= Mount Colzim =

Mountain in Egypt

Mount Colzim (or Qulzum, Qalzam, or Qolozum), also known as the Inner Mountain of Saint Anthony, is a mountain in Red Sea Governorate, Egypt, which was the final residency of Anthony the Great from about AD 311, when he was 62 years of age, to his death in 356. Currently, the Monastery of Saint Anthony, a Coptic Orthodox monastery, exists in the same location.

== Name ==
The name Colzim is derived from the ancient city of Clysma (Κλῦσμα, meaning "surf, waves that break"; ⲡⲉⲕⲗⲟⲩⲥⲙⲁ; القلزم). Clysma was a major Red Sea port and a center of monasticism. Mount Colzim is called the Inner Mountain of Anthony (also called Qulzum, Qalzam, or Qolozum).

== Location ==
The Inner Mountain is located near the modern Coptic Christian Monastery of Saint Anthony (Dayr Mārī Antonios) in Egypt which was built in the fourth century and which is reputedly Christianity's oldest operating monastery. It is about 160 kilometers southeast of Cairo, in the northern foothills of the Red Sea Mountains.

== History ==
=== Residency of Anthony the Great ===
Since the early days of his monasticism and prior to 311, Anthony lived at what Athanasius of Alexandria called his outer mountain (located at Pispir next to the Nile) for almost twenty years. According to Athanasius' Life of Anthony (Latin: Vita Antonii) written c. 360, Anthony sought to move further out of his desire for solitude."But when he saw himself beset by many [people], and not allowed to withdraw himself according to his intent as he wished...he considered and set off to go into the upper Thebaid, among those to whom he was unknown."By this time, Anthony's fame had grown, causing many monastics to come to him for guidance. Athanasius says that the voice of God (or in Coptic tradition, the voice of a woman by the Nile) told Anthony to move to the inner desert between the Nile and the Red Sea instead of moving to northern Thebaid. Anthony traveled with a group of Saracens for three days along the Wādī al-'Arabah towards the Gulf of Suez."...he came to a very lofty mountain, and at the foot of the mountain ran a clear spring, whose waters were sweet and very cold; outside there was a plain and a few neglected palm trees."Anthony was brought some food and provisions by his disciples, and often left the Inner Mountain to instruct his disciples at Pispir, even notably traveling more than 300 kilometers in old age to the city of Alexandria to voice his opposition to Arianism.
==== Cave of Saint Anthony ====
The cave in which Anthony the Great resided on Mount Colzim is believed to be a certain cave that sits 100 meters above and two kilometers away from the Monastery of Saint Anthony and is a popular site of pilgrimage for Coptic Christians. The presence of multiple monastic cells within the mountain, as well as the large history of monasticism on the mountain, makes it difficult to ascertain which exact cave Anthony lived in. Nevertheless, a spring mentioned in the Life of Anthony is allegedly the same spring that runs near the Deesis Chapel at the Monastery of Saint Anthony. This suggests that the modern-day monastery is more or less the exact location of Anthony's dwelling-place on the Inner Mountain. Anthony lived on the Inner Mountain for forty-three years until his death there in 356. Folklore maintains that he is still buried at the Monastery of Saint Anthony in the chapel of the Creatures of the Apocalypse.
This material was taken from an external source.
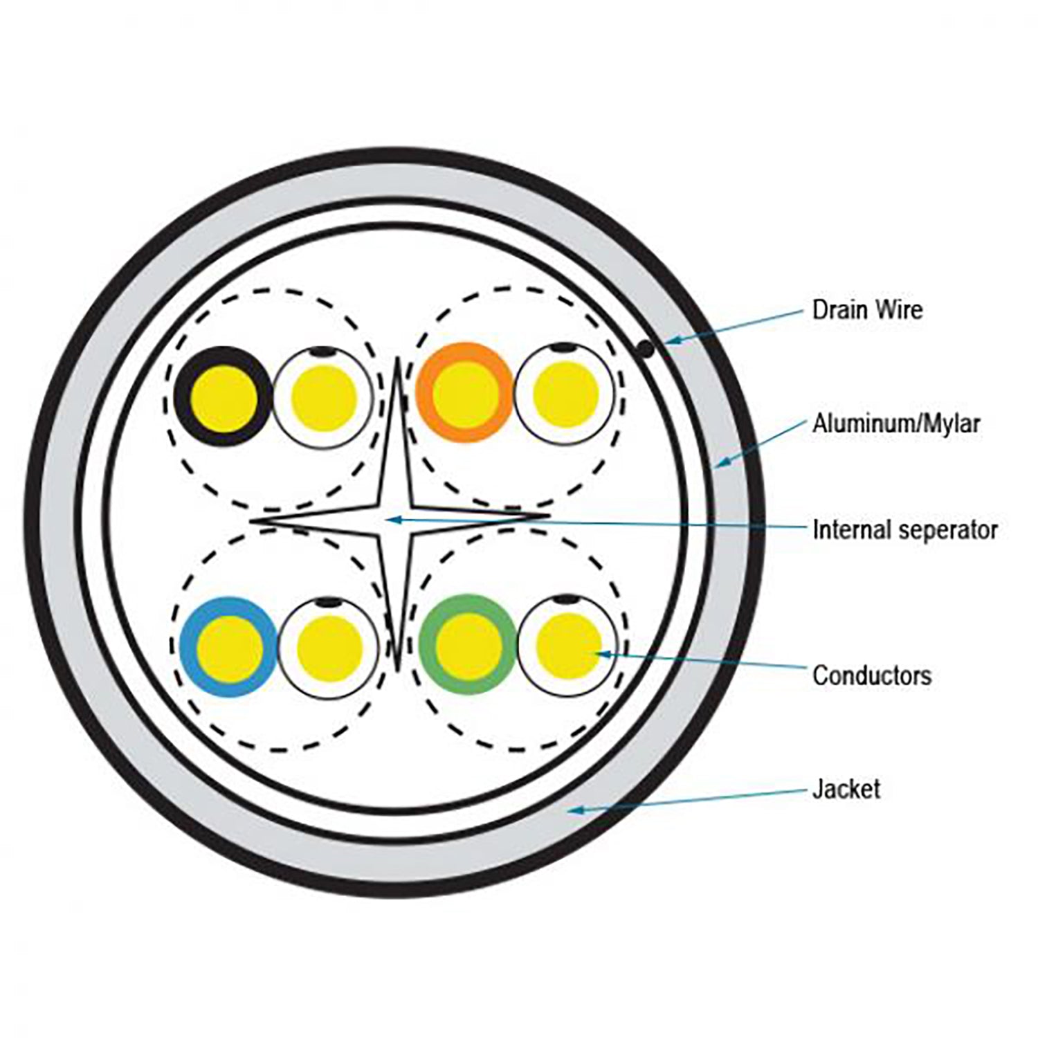 - Shielding: Aluminum Foil/Mylar Tape with Tinned Drain Wire (F/UTP)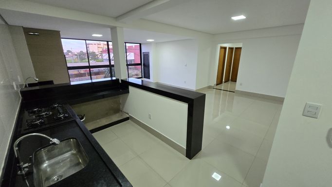 Com frente totalmente em vidro, o apartamento é extremamente iluminado e bem ventilado, valorizando ainda mais o acabamento de alto padrão. A cozinha americana com cooktop complementa o projeto moderno e funcional.

=== Other monastic residencies ===

- Sisoes the Great (died 429) moved from Scetis (where he was under the spiritual guidance of Abba Or) and took up habitation on Anthony's Inner Mountain in his cave in 357, shortly after Anthony's death in 356. Sisoes compared himself to Anthony by saying, "In the cave of a lion, a lowly fox makes its dwelling." Towards the end of his life, Sisoes was asked by a visitor whether he had attained to the stature of Abba Anthony. He replied, "If I had a single one of Abba Anthony’s thoughts, I would be entirely ablaze." Sisoes lived in Anthony's cave for seventy-two years.
- Paul the Simple lived on the Inner Mountain near Anthony until his death.
- When Scetis was destroyed in 395 by the Berbers (Mazices), John the Dwarf relocated to near Mount Colzim and lived only a day's journey from the cave of Anthony. John lived there for the remainder of his life at the same time that Sisoes resided in the cave of Anthony.
- The Australian Coptic Orthodox anchorite Lazarus El Anthony currently lives at Mount Colzim.